SWP - Systematic Withdrawal Plan

What Is SWP (Systematic Withdrawal Plan)?

Every individual has different financial needs. Hence, every investor has a unique investment plan. While some investors prefer investing in a lump sum, some others like to stagger their investments and use a systematic investment plan (SIP). While some investors seek capital growth, some others want regular income from their investments. There are many tools and facilities extended by fund houses to meet the expectations of different types of investors. One such facility is a Systematic Withdrawal Plan (SWP). A Systematic Withdrawal Plan or SWP is a facility extended to investors allowing them to withdraw a fixed amount from a mutual fund scheme regularly.
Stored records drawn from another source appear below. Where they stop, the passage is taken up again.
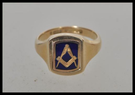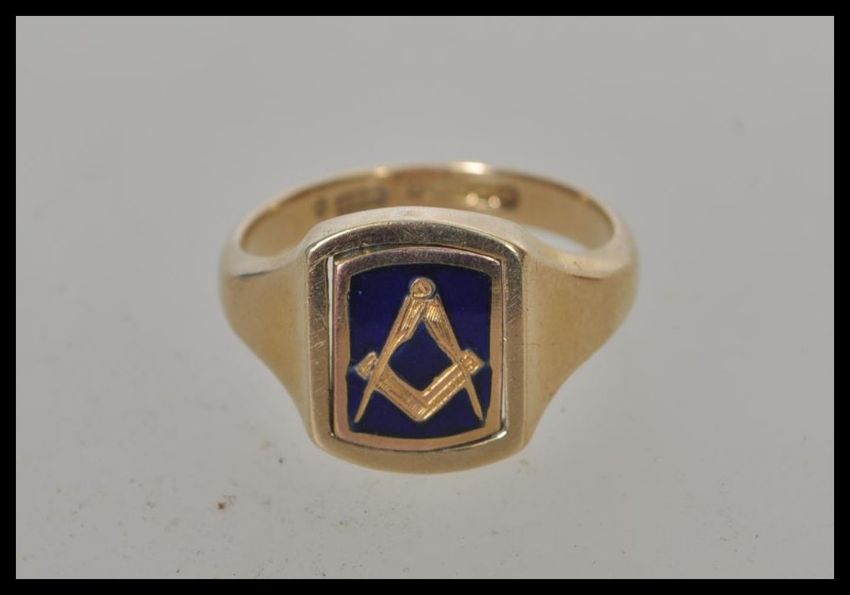A hallmarked 9ct gold signet ring having a rectangular head with a turnable centre one side bearing masonic markings the other initials. Hallmarked Birmingham. Weight 6.3g. Size R.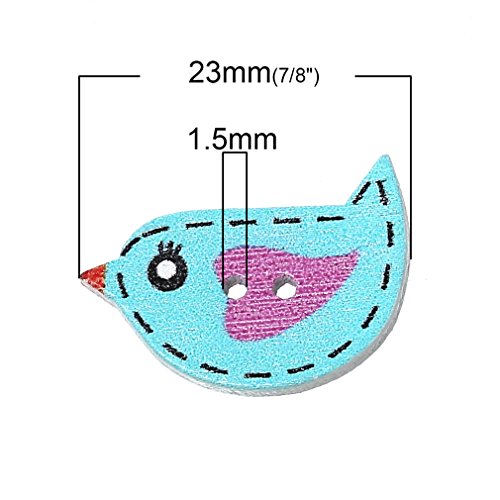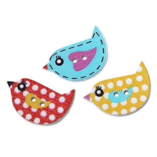 Souarts Mixed Random Bird Shape 2 Holes Wood Wooden Buttons for Sewing Crafting Pack of 100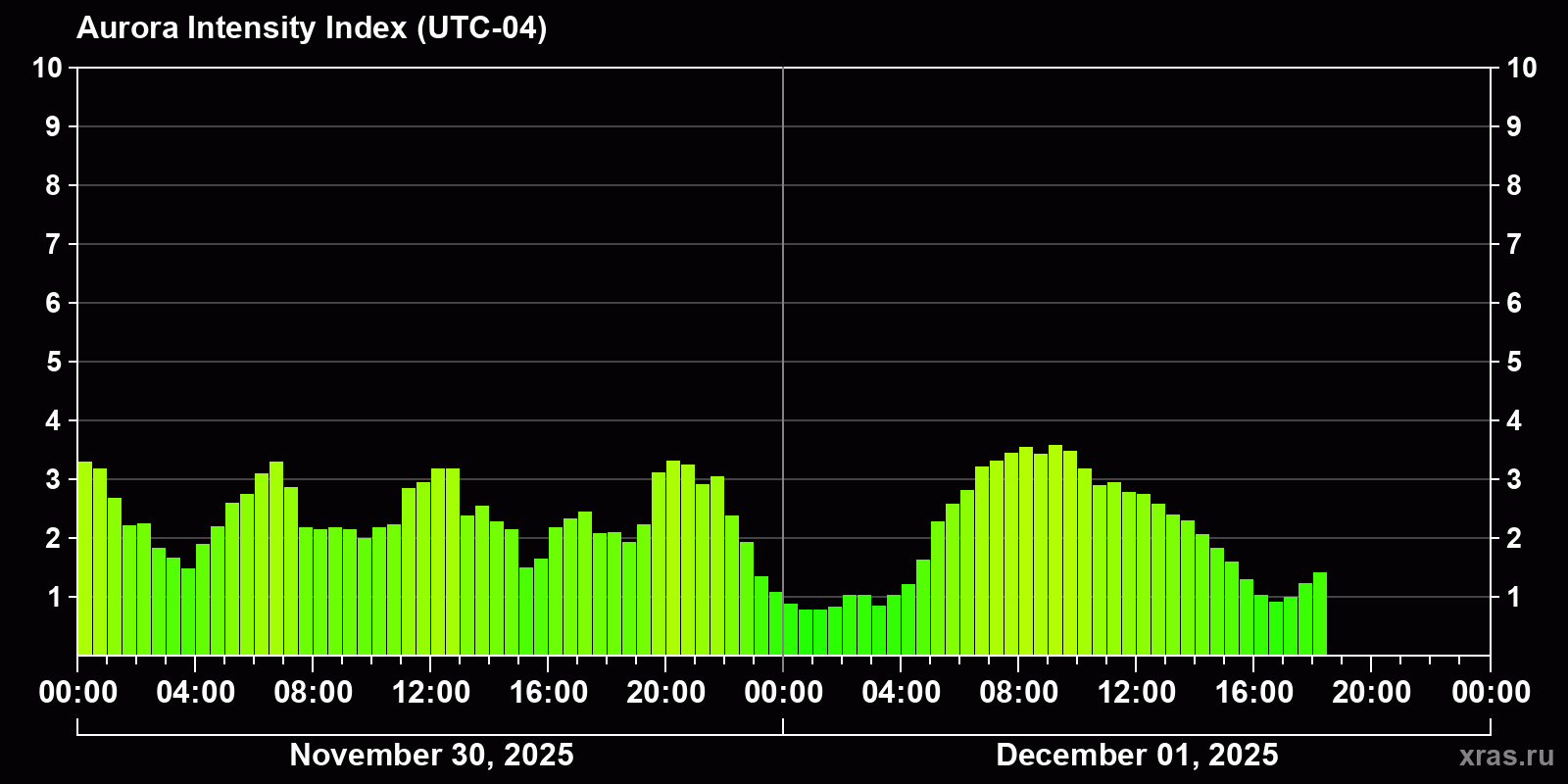 Auroral intensity index and the theoretically possible latitude of observations for nighttime in the Western Hemisphere as of 2025-12-01 10:20 (end of day) local time

You can choose the amount and frequency of withdrawal, and you can also choose to just withdraw the gains on your investment keeping your invested capital intact.

Key Features of SWP

Regular Redemption

It is a facility to redeem units regularly from your mutual fund portfolio at predetermined intervals.

Flexible Frequency

You can choose the frequency of withdrawals - monthly, quarterly, or as per your convenience.

Withdrawal Options

You can either withdraw a fixed amount or only the capital appreciation, keeping your principal intact.

Regular Income

It is ideal for investors seeking regular income from their investments without liquidating entire holdings.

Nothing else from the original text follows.